◆ PROBLEM: Omit all pictures, then retype exactly the lines from the one that contains "2018年度收、支总计30,502.65" through the end of the listing.

◆ AVAILABLE DATA:
· · · ·
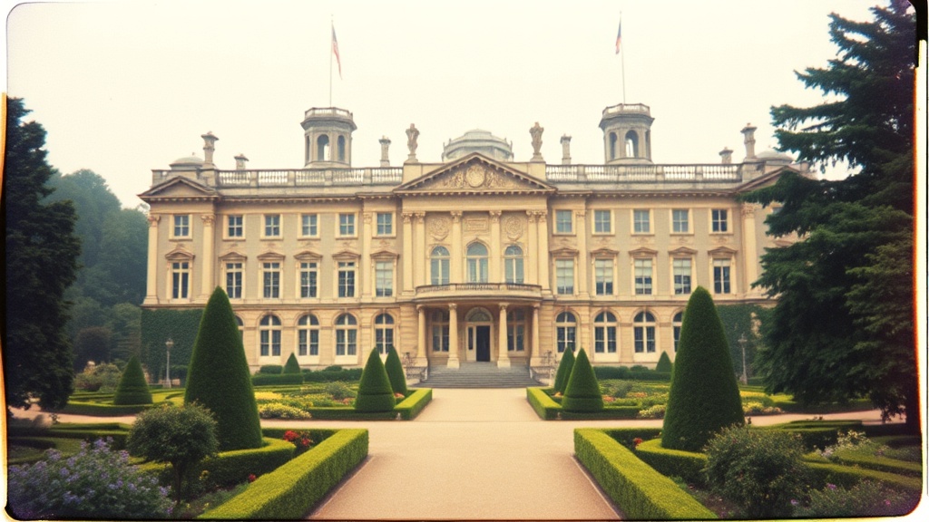 View this AI-generated image featuring capture the essence of a majestic uk palace through the lens of a vintage disposable camera enveloped in a dreamy ethereal atmosphere framed in a classic 3 4 aspect ratio subtle soft focus and warm nostalgic hues enhance the timeless grandeur of the architectur
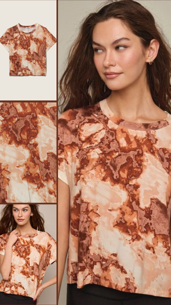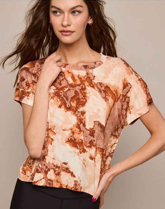 Graceful, artistic swirls add a refined touch to this timeless crewneck tee. Defined by a mocha marble-print, this soft-knit tee features a relaxed fit and a loose, flowy cut. Center back length: 21" on M; 23" on 1X. Imported.
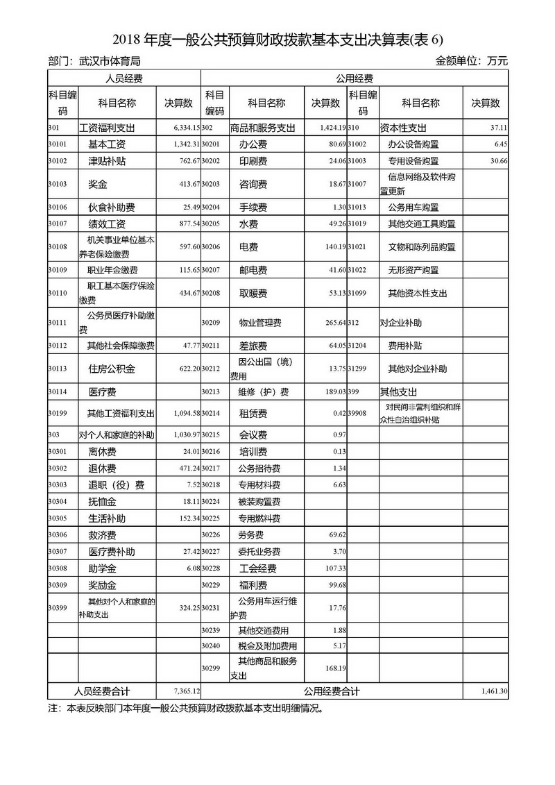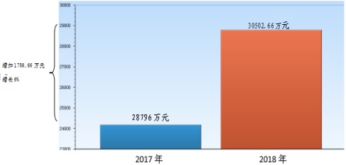 2018年度收、支总计30,502.65万元。与2017年相比,收、支总计各增加1706.65万元,增长6%,主要原因是行政事业单位人员养老保险和职业年金增加以及新增了大型赛事活动项目经费等。
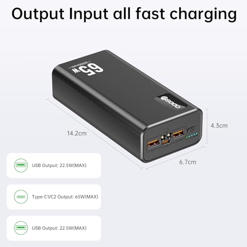 【65W Fast Charging Power】65W PD output means it can charge your MacBook Pro perfectly, just as good as the original charger. Provides enough power to charge laptops like MacBook/MacBook Pro/MacBook Air, also perfect Phones Power Bank
· · · ·
◆ YOUR RESPONSE:
 2018年度收、支总计30,502.65万元。与2017年相比,收、支总计各增加1706.65万元,增长6%,主要原因是行政事业单位人员养老保险和职业年金增加以及新增了大型赛事活动项目经费等。
 【65W Fast Charging Power】65W PD output means it can charge your MacBook Pro perfectly, just as good as the original charger. Provides enough power to charge laptops like MacBook/MacBook Pro/MacBook Air, also perfect Phones Power Bank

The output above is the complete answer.